Fellow University of Rochester Medical Center Rochester, New York, United States
Background: Engagement of diverse patient samples in clinical research is critical to produce generalizable data. To facilitate research recruitment, an institutional developmental disabilities research registry was established in 2010. The registry maintains demographic and contact information provided by families after an informed consent process and enables investigators to share approved research opportunities. However, demographic distribution of the registry is not fully representative of the diversity of our clinic population. Objective: Here, we aimed to increase registry enrollment of non-white and/or Hispanic participants by at least 20% over the span of 12 months. Design/Methods: We first identified key drivers of underrepresentation, including 1) possible bias in who is offered participation and 2) patient barriers in completion of the enrollment survey. Across iterative plan-do-study-act(PDSA) cycles, we tracked the percentage of participant records with complete demographic data as a process measure, and racial and ethnic distributions as outcome measures. At baseline, racial breakdown of registry participants with completed records was(n=661): White-83.4%, Black/African American 6.8%, Asian 2.6%, Native American 0%, Native Hawaiian/Pacific Islander 0.2%, >1 race 7.1%. The ethnic breakdown was: Hispanic 8%, Non-Hispanic 82%, Unknown/Unreported 9%. Results: In PDSA 1, we aimed to reduce ascertainment bias by standardization of enrollment offered to all new patients seeking care through our clinic.
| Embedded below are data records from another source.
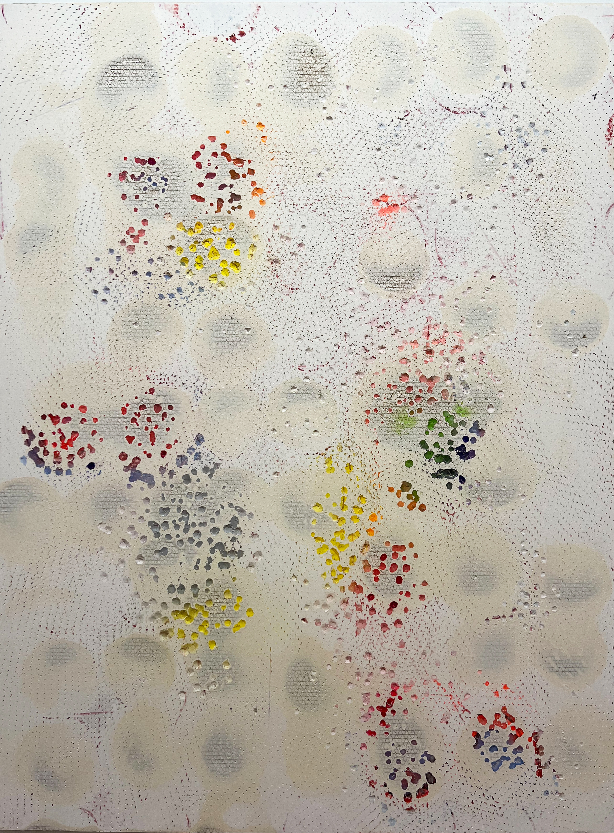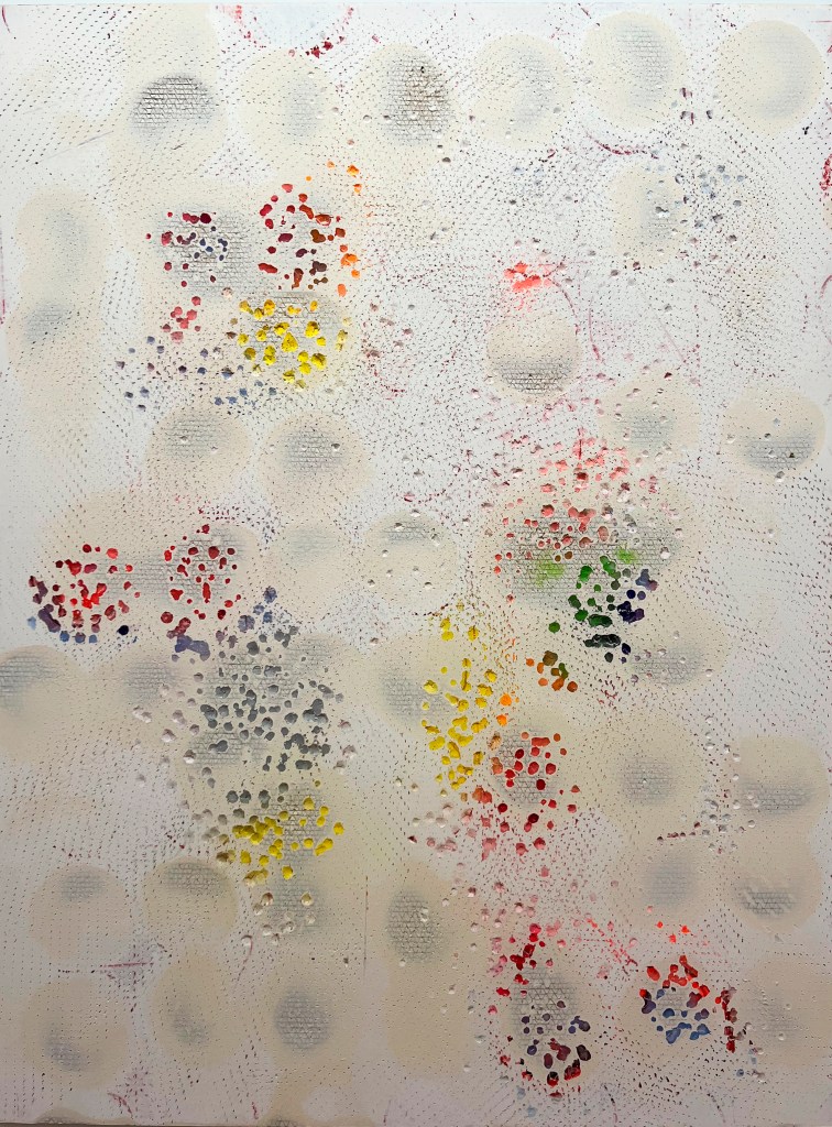Beautés naturelles, 2023, Dominique de Beir (née en 1964), Peinture, pastel,, impacts, carton alvéolé imprimé, Caen, musée des Beaux-Arts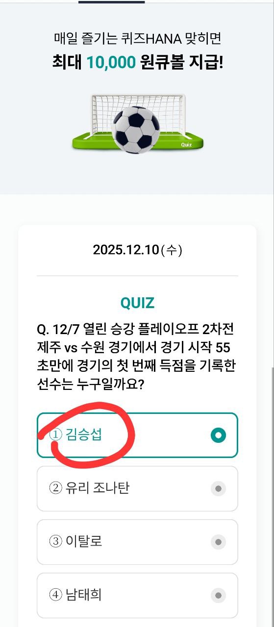 하나원큐 축구 퀴즈는 짧은 시간 투자만으로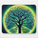 Glühender Baum mit einem beleuchteten Pfad dahinter. Erstellt mit KI-Software.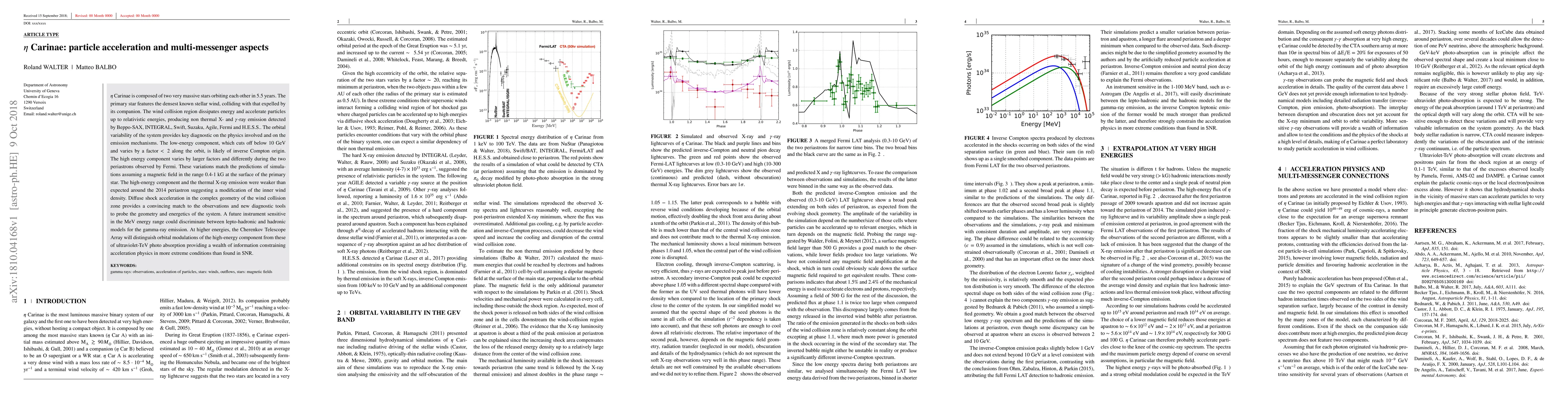 $\eta$ Carinae is composed of two very massive stars orbiting each other in 5.5 years. The primary star features the densest known stellar wind, colliding with that expelled by its companion. The wind collision region dissipates energy and accelerate particles up to relativistic energies, producing non thermal X- and $\gamma$-ray emission detected by Beppo-SAX, INTEGRAL, Swift, Suzaku, Agile, Fermi and H.E.S.S.. The orbital variability of the system provides key diagnostic on the physics involved and on the emission mechanisms. The low-energy component, which cuts off below 10 GeV and varies by a factor < 2 along the orbit, is likely of inverse Compton origin. The high energy component varies by larger factors and differently during the two periastrons observed by Fermi. These variations match the predictions of simula- tions assuming a magnetic field in the range 0.4-1 kG at the surface of the primary star. The high-energy component and the thermal X-ray emission were weaker than expected around the 2014 periastron suggesting a modification of the inner wind density. Diffuse shock acceleration in the complex geometry of the wind collision zone provides a convincing match to the observations and new diagnostic tools to probe the geometry and energetics of the system. A future instrument sensitive in the MeV energy range could discriminate between lepto-hadronic and hadronic models for the gamma-ray emission. At higher energies, the Cherenkov Telescope Array will distinguish orbital modulations of the high-energy component from these of ultraviolet-TeV photo absorption providing a wealth of information constraining acceleration physics in more extreme conditions than found in SNR.

This increased the proportion of non-white participants enrolling (a trend which is ongoing). At time of submission, the racial breakdown among those who enrolled with completed records following this standardization was(n=144): White 68.8%, Black/African American 9%, Asian 0%, Native American 0%, Native Hawaiian/Pacific Islander 0%, >1 race 16.7%. There is currently insufficient data to assess the impact on ethnicity. Despite this improvement, there remained a high percentage of participants (44%) who did not submit a full demographic survey to complete enrollment. We next conducted multiple cycles exploring different methods (email, phone, newsletters) and times of the day/week for outreach. No single method of participant outreach facilitated enrollment survey completion for all participants, but including different methods was needed to reach a wider percentage.
Conclusion(s): When recruiting from a diverse population, a variety of outreach methods are needed to foster full engagement, though standardization of enrollment offer at intake is a beneficial first step in promoting a more inclusive registry.